Enjolras snorts. Maybe it sounds different underwater, but on the surface it's kind of a bubbly squeaky sound, and Grantaire finds it impossibly adorable. "Of course not. Dolphins are terrible, as a rule, but it doesn't mean they should be forced to suffer painful deaths."
"What about the salmon? I mean, you do realize that they die, right?"
"They're fish, not mammals. There's a whole--it's different."
"You're half-fish."
"No, I am not."
"You have scales."
He gives an irritated wave of his hand. "There are superficial similarities, yes, but the musculature of the tail is more akin to dolphins, and we're definitely mammalian. We're warm-blooded, first of all, and even our reproductive systems resemble huma--" He breaks off, and suddenly his face is nearly as red as his tail.
"Really," Grantaire says, grinning. "Fascinating."
He folds his arms across his chest, and Grantaire notes with rising hysteria that the merling has really nice arms. A swimmer's physique, of course.
"Are you going to make your nets dolphin-safe?" Enjolras asks.
"On the advice of a hallucinatory merling? Doubtful."
"I'm not a hallucination."
"Which is exactly what all my other hallucinations say."
He frowns.
"That was a joke. Mostly. Anyway, have you considered that using pingers on your nets basically chases dolphins away from their natural habitat--and the most plentiful food sources?"
"I accept that the standard methods are far from ideal, but they're infinitely preferable to dead dolphins."
"No argument there."
"So you'll fix the nets?"
"Sure, fine. If it'll stop the Mermaid Mafia from coming after me, leaving headless tuna in my bed, or whatever. Though I'd like to see you get into my bed, what with the, you know..." It's Grantaire's turn to stop short, abruptly realizing that he had practically just propositioned a mythical being.
"We wouldn’t do that, even if we could. Tuna populations are in a dangerous decline, and anyway--we're not supposed to make ourselves known to humans at all."
"Yeah, I can understand the risk involved. What if I had decided that there was more profit in capturing a live merling than in salmon fishing?"
Enjolras produces a knife from--somewhere? Maybe he has pockets in his tail. The blade is black and translucent, and looks sharp enough to cut Grantaire's shadow from his heels.
"Obsidian," he says at last. "Nice."
"I'm glad I didn't have to use it. I didn't think you were that sort, but you can never be quite sure."
"What do you mean, you didn't think I was that sort? Have you been watching me?"

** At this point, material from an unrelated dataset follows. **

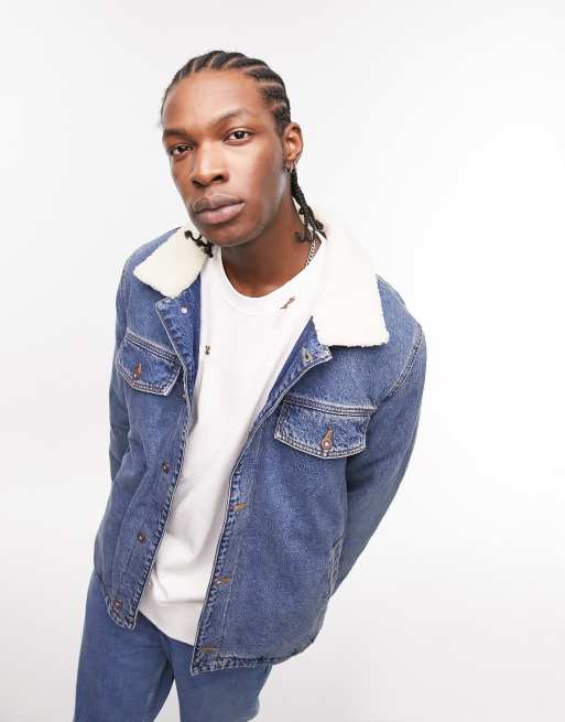 TOPMAN Topman borg collar denim jacket in mid wash blue Blue Men s Denim Jacket YOOX
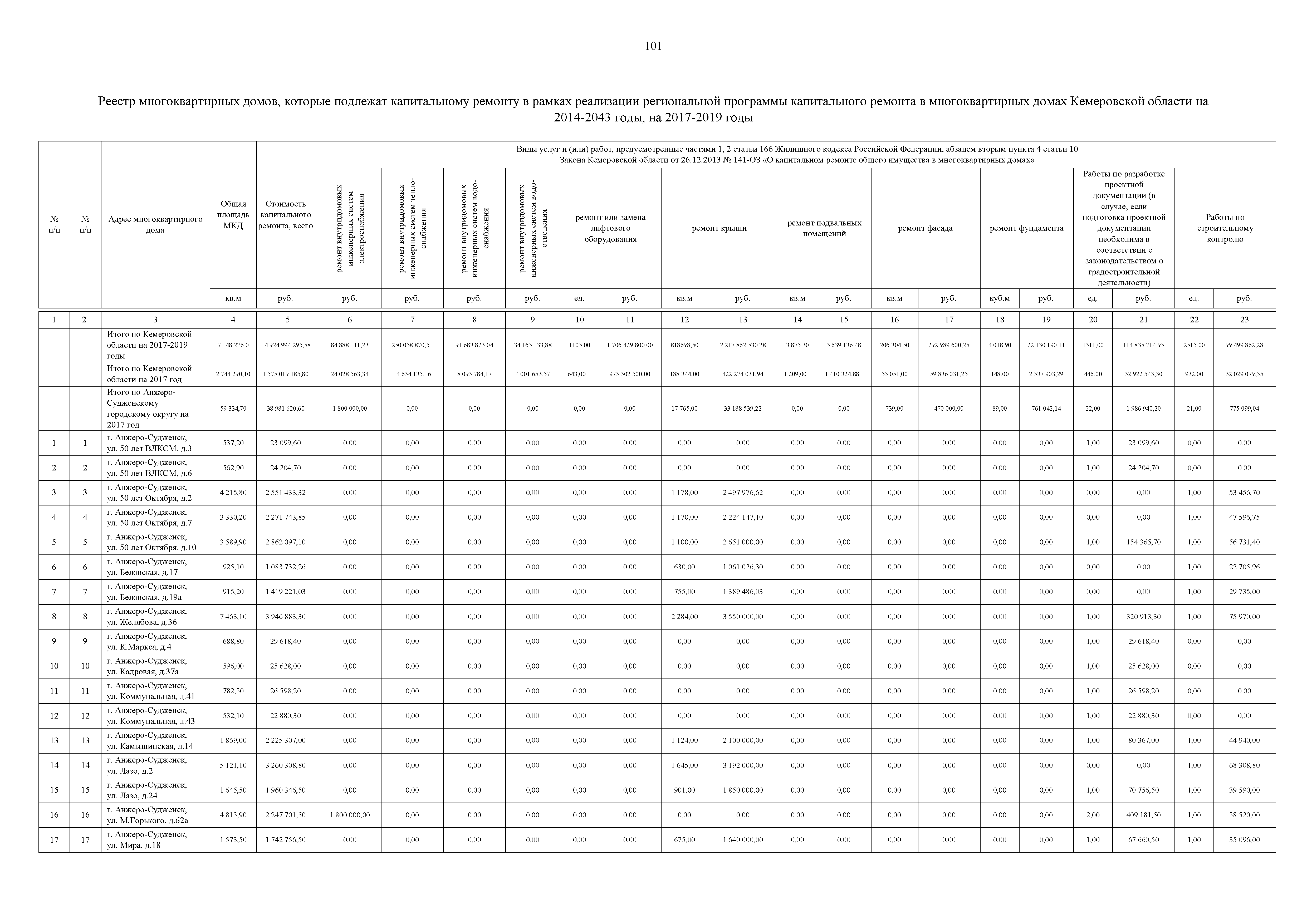 "О внесении изменения в постановление Коллегии Администрации Кемеровской области от 01.12.2016 № 482 "Об утверждении краткосрочного плана реализации региональной программы капитального ремонта общего имущества в многоквартирных домах Кемеровской области на 2014 - 2043 годы на 2017-2019 годы"

Enjolras just smiles, and the knife disappears behind his back. He hoists himself up over the rail, red scales sparkling in the sunlight. "It was a pleasure to meet you, Grantaire."
"Yeah, sure. You too."
And just like that, Enjolras is gone, over the side without the slightest splash to mark his dive. Grantaire hauls in the rest of the nets on autopilot and heads back to shore.
As soon as he docks the boat, he's going to drink until he can convince himself that this conversation never happened.